I'm accountable for all of my investment recommendations. There are no "do-overs" or false starts. If I make a bad call, then it's there for everyone to see. As you can imagine, this gives me even more incentive to put a lot of thought, research, and analysis into my monthly picks.
And so in September, I did what I thought was best for my subscribers and my real-money portfolio. With the market looking shakier by the day, I went off the beaten path. Instead of a traditional stock idea like I normally recommend, my "stock of the month" was cash.
Little did I realize that my pick would be so controversial. A few weeks later, I got this email from a subscriber...
"I have cancelled my subscription and wanted to let you know the reason. I waited a month to see if I would calm down and get over it, but I'm still mad. Last month's "Stock of the Month" was CASH! Cash is not a stock. If I am paying for a premium stock-picking service I don't want to be told to hide it under the mattress. The least you can do is deliver one measly stock pick a month like you promise."
Out of privacy for the reader, I won't reveal his or her name. But to say the least, the comment took me by surprise.
What caught me off guard was the fact that the email came an entire month after I made the call -- a month in which the S&P 500 had fallen 7.2%. That's right... cash whipped the stock market in September.
I suspected that by picking cash I might raise a few eyebrows. After all, people are looking for ways to make money, not sit on it. But market conditions were unusually unforgiving. The major averages were fluctuating by multiple percentage points within a day -- sometimes within hours.
I just didn't think it was right to recommend some "measly stock pick" that was vulnerable to that kind of frenetic price action. And in the market, avoiding a loss can be just as important as booking a gain.
Although I have since put more money to work in the market since September, I still have a prudent amount of cash in my portfolio. And I always recommend holding a little cash as an investment -- even after October's healthy rally.
I'm not suggesting you sell everything in your portfolio and run for the hills. But holding a little extra "dry powder" is never a bad thing. For one thing, it allows you to sleep a little better when the market roils, which may be a distinct possibility in the months ahead.
The rally might have boosted confidence, but there's still a lot of uncertainty floating around. Growth appears to be slowing in Asia, the United States is still lagging economically and then there are the seemingly endless problems in Europe.
So though October was a solid month for stocks, I'm still leery of diving back into the market head-first. Until there are stronger signs of a recovery, I'm going to continue to keep a portion of my portfolio on the sidelines in cash.
Of course, I am always looking for fundamentally sound investments to buy, and this sort of fear-driven environment can present a great chance to pick up good stocks at a cheap price.
If I see a security I like, I can easily let the volatility in the market get me a better purchase price.

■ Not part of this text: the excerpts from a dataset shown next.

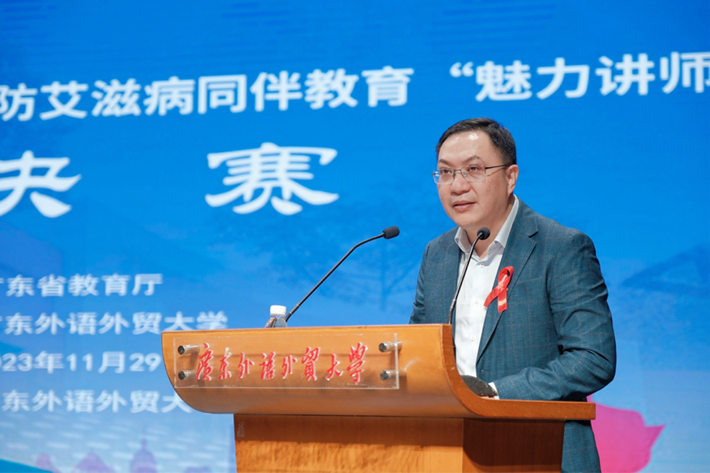 本網(wǎng)訊 11月29日,廣東省第九屆大學(xué)生預(yù)防艾滋病同伴教育“魅力講師”比賽決賽在我校白云山校區(qū)六教報(bào)告廳舉辦。本次比賽由廣東省教育廳主辦,我校承辦,廣東省疾病預(yù)防控制中心、廣東省性病艾滋病防治協(xié)會(huì)、廣東省性病艾滋病防治協(xié)會(huì)高校分會(huì)、嶺南伙伴社區(qū)主持中心協(xié)辦。我校副校長(zhǎng)劉海春,廣東省教育廳體育衛(wèi)生與藝術(shù)教育處處長(zhǎng)陳健生在會(huì)上致辭。賽事由廣東省青少年性健康友好服務(wù)平臺(tái)視頻號(hào)全程直播。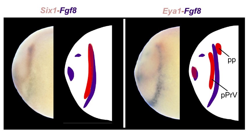 Fig. S4. Double WISH reveals spatial relationship of Fgf8 and Eya1 or Six1 at stage 18. Fgf8 (stained with BM Purple) overlaps with Six1 except at the bottom of the crescent. Fgf8 is expressed largely between the posterior placodal (pp) area and the profundal placode (pPrV) of Eya1, although some overlap is observed. |
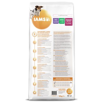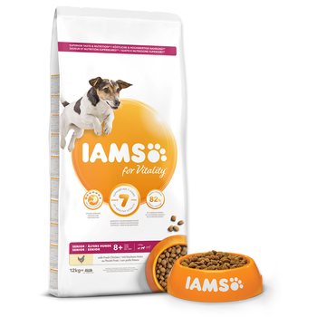 Krmivo IAMS for Vitality pre psích seniorov malých a stredných plemien je 100% kompletné a vyvážené, odborníkmi zostavené krmivo , ktoré bude vášmu zvieraťu chutiť a svedčiť. Naša nová a vylepšená receptúra pre psích seniorov s čerstvým kuracím mäsom je založená na starostlivo vybraných, kvalitných živočíšnych bielkovinách, ktoré podporujú sedem znakov zdravej vitality psa. Aby bol váš pes zdravý, aktívny a plný energie, naše lahodné receptúry obsahujú až 82 % živočíšnych bielkovín (z celkového obsahu bielkovín).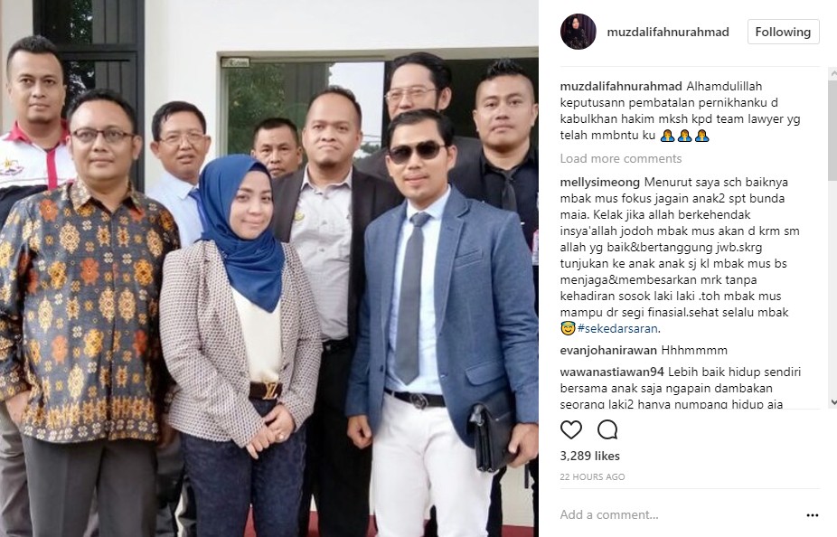 Keputusan yang telah ditetapkan pengadilan itu pun membuat Muzdalifah bersyukur. Ia pun turut berterima kasih pada pihak-pihak yang selama ini telah memberikan bantuan padanya. "Alhamdulillah keputusann pembatalan pernikhanku d kabulkhan hakim mksh kpd team lawyer yg telah mmbntu ku," tulis Muzdalifah melalui postingan di akun Instagram pribadinya.

And that's another advantage of having cash at the ready...
Bargains don't stay bargains for long. And I've always found that cash is hardest to raise when you need it the most. If there's not enough cash in your account to finance the trade, then you're out of luck... the opportunity is gone.
After all, the days of wild stock market swings are far from over. The global economy has a long way to go before I'm convinced things are "settled." And as I'm sure you're aware, this sort of rocky environment makes it difficult to navigate.
The Investing Answer: So if I receive another nasty email or two, that's OK. I know it's a contentious pick, but I'm going to risk the backlash and continue to recommend holding a slug of cash in your portfolio. As it stands, it still looks like one of the most opportunistic investments -- for my Stock of the Month portfolio... or yours.